# GCC Sable 60



## MissMagpie (Jul 13, 2011)

Hello,

Does anyone own or have any experience/opinion regarding the GCC SignPal Sable 60 vinyl cutter?

Link: http://www.gccworld.com/product.php?MODEL=Sable

I'm a beginner and looking to get a lower cost machine to start out with. However I can't seem to find any reviews of this product; though reviews for GCC in general seem to be favourable?

Besides the Sable, I'm also considering the Craft ROBO Silhouette, or the Creation PCUT CTO630. The first is a little smaller than I'd like, and the second is a Chinese/eBay brand so potentially a gamble...
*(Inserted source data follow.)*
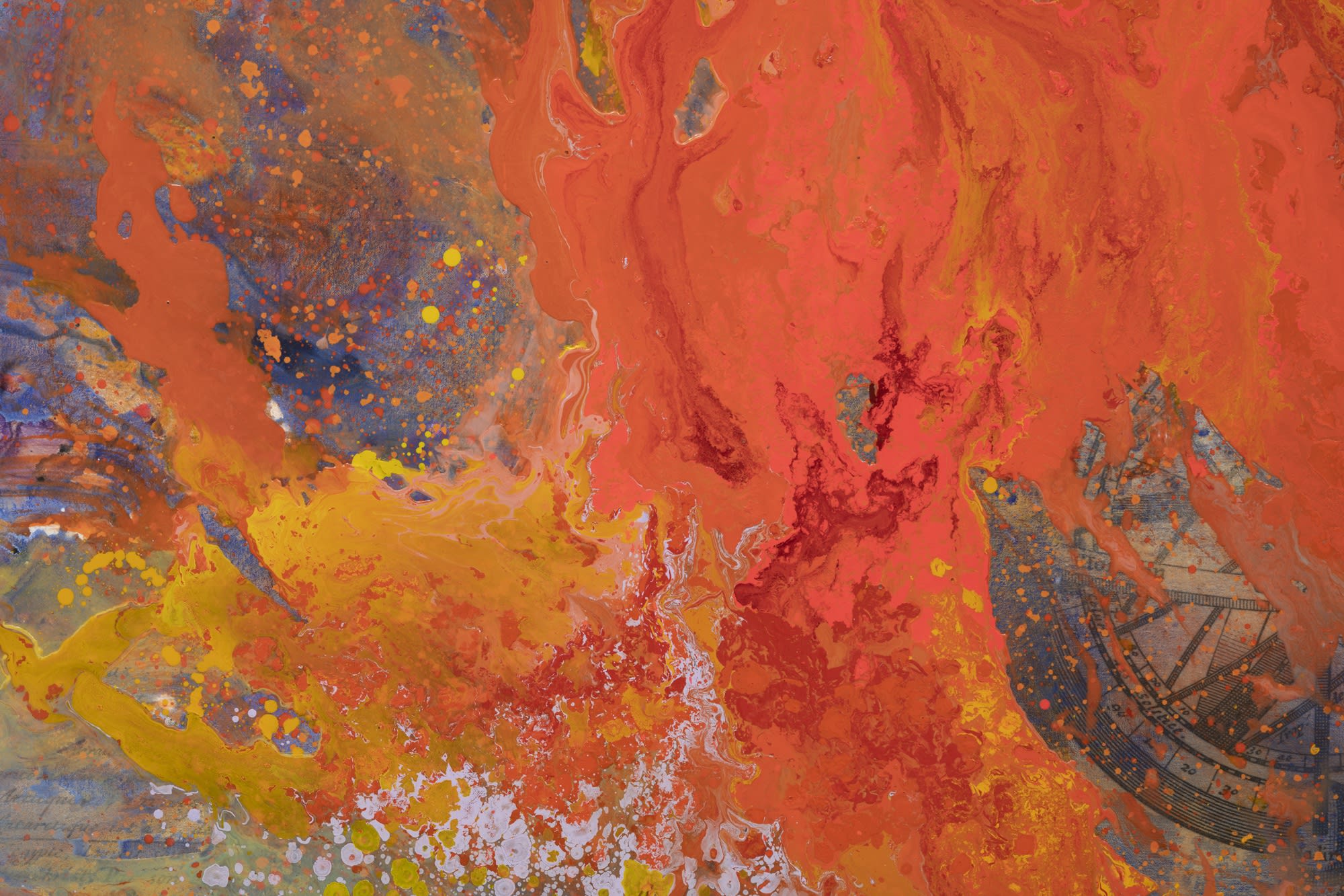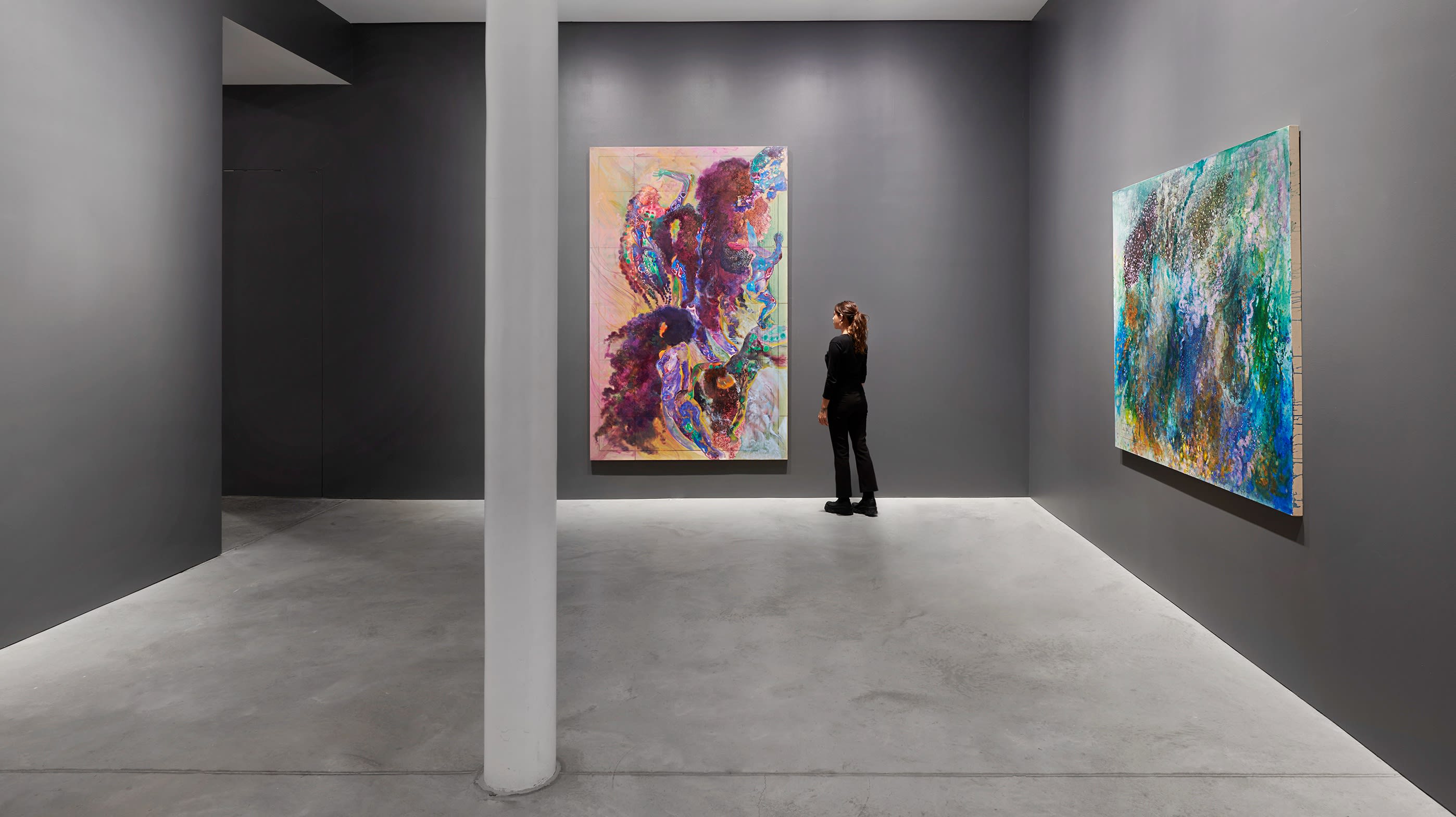 For Báez, abstraction is born out of a virtuosic handling of alchemical pours of paint and an essential understanding of gesture as form. The body is inextricably tied to these highly physical maneuvers, which function on the one hand as a kind of obliteration, and on the other, a tender ablution.
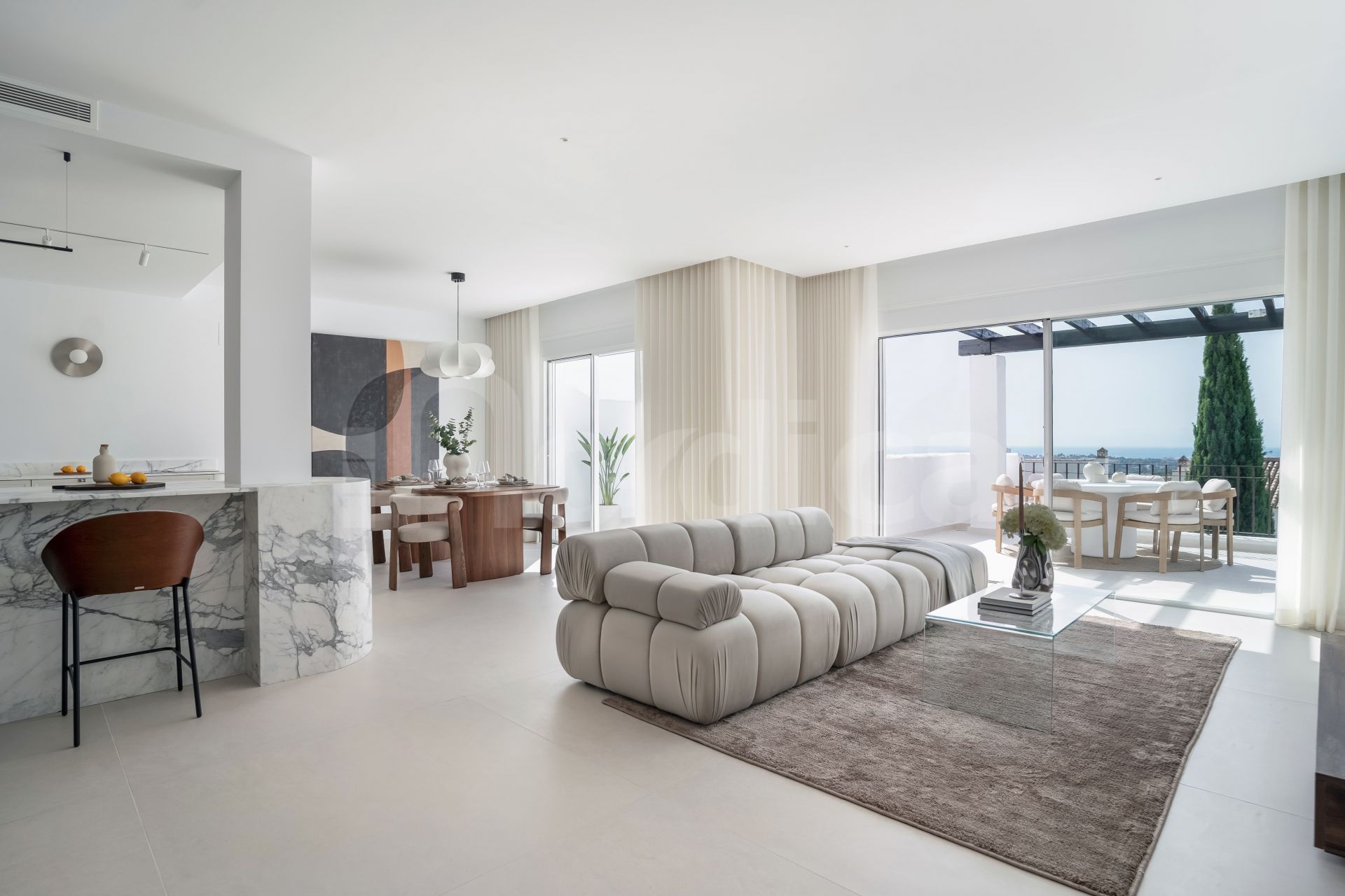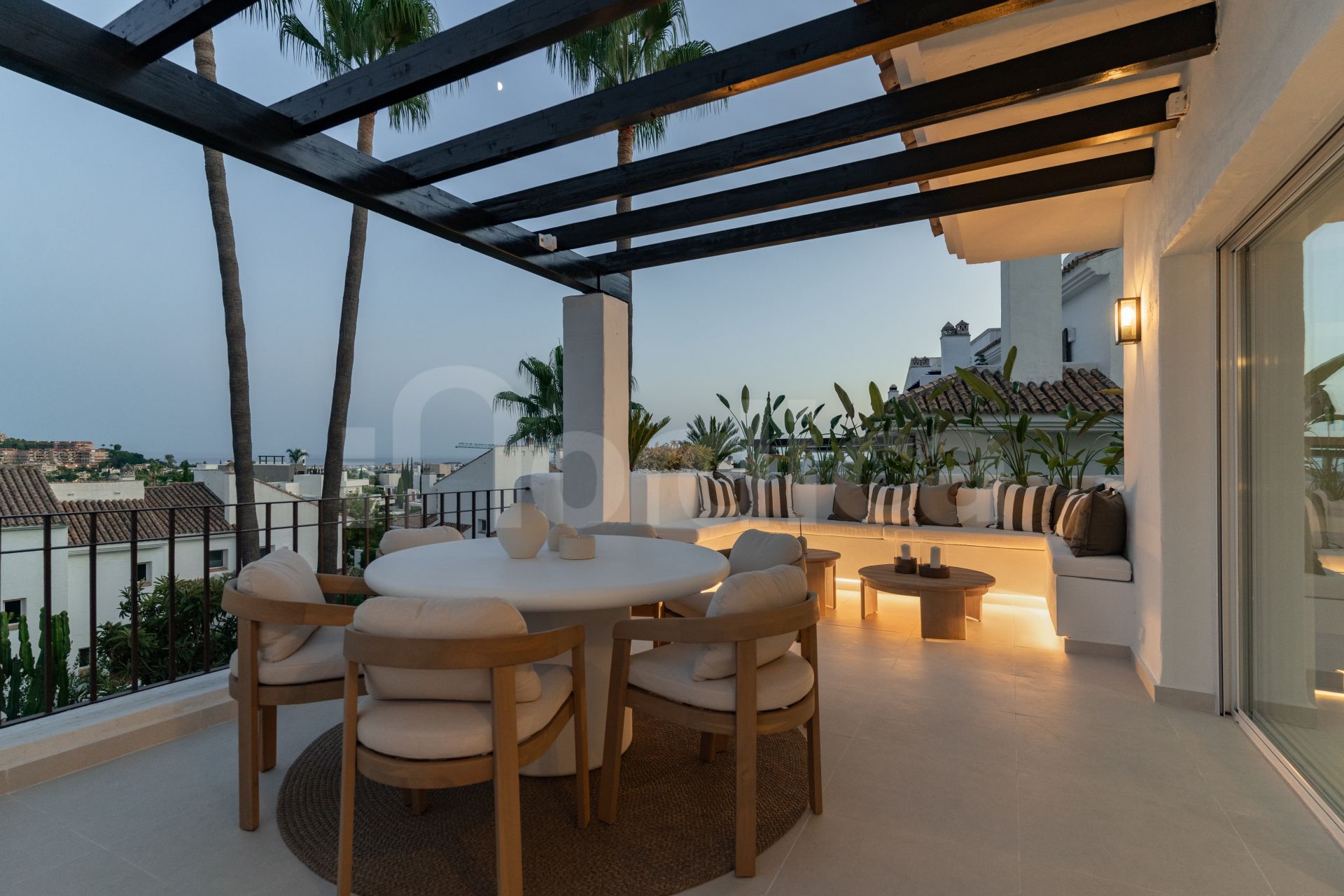 Fully renovated and stylish, this 3-bedroom, 3-bathroom corner penthouse blends sleek Scandinavian design with sweeping sea views. Spread across two levels, this bright and airy home is made for laid-back coastal living.
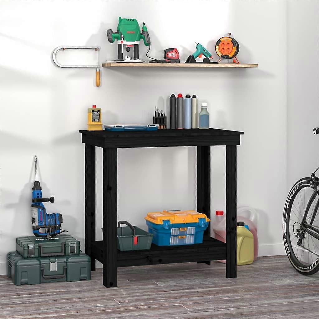 Werkbank Schwarz 80x50x80 cm Massivholz Kiefer
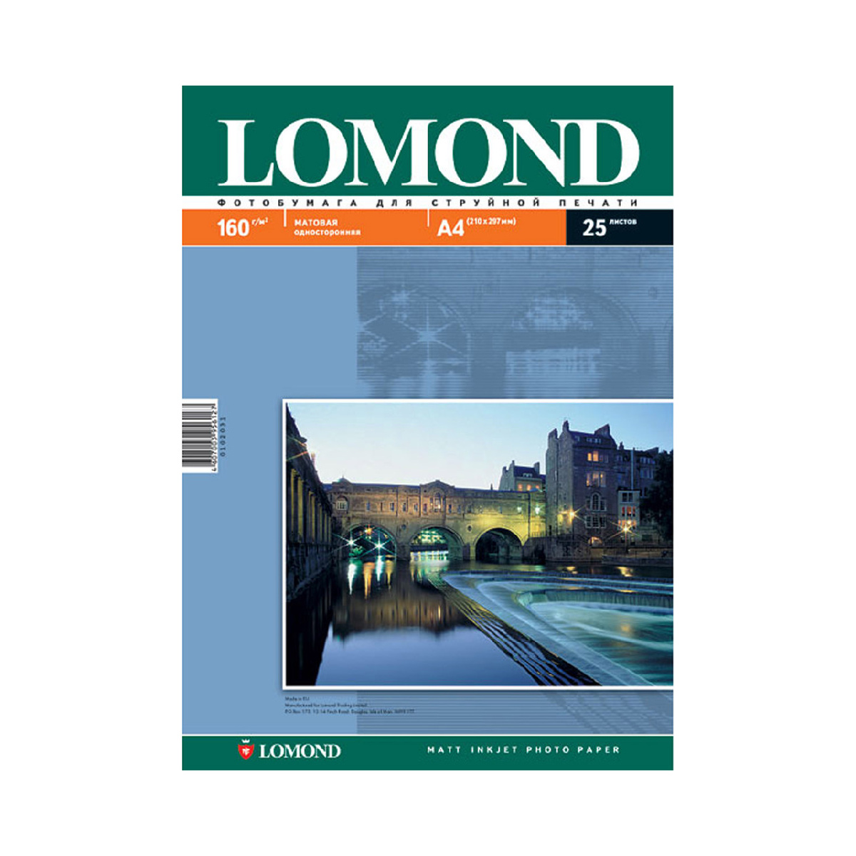 Фотобумага матовая односторонняя A4, 160 г/м, 25 л. (0102031) (Lomond)

I would appreciate any thoughts/input from more experienced users.  Thank you

PS. I'm in the UK


----------



## retro_lad (Jul 6, 2010)

I'd like to know about this model to (Sable 60)


----------



## charles95405 (Feb 1, 2007)

I thought the Sable was on the way out...being replaced by the Expert 24 series...But I don't know what GCC is offering in Europe... or the price. I have have three GCC cutters...2 Puma III and a Jaguar...good reliable machines, so I would assume the same would be the Sable. The newer units come with Great Cut software and not SignPal...my first Puma III came with SignPal and I like Great Cut better but I use either DAS or WinPCSign 2010 for design/cutting


----------



## royster13 (Aug 14, 2007)

As far as I know the full line of GCC cutters is not available in the UK.....The only one I am aware is sold there is the Expert 24 which is distributed by Graphtec.....


----------



## retro_lad (Jul 6, 2010)

That's right. I can see the Sable and Expert 24 (not LX) for sale in the UK. Which is rubbish when non UK people rave about how good some of the others are (like the Expert 24 LX).


----------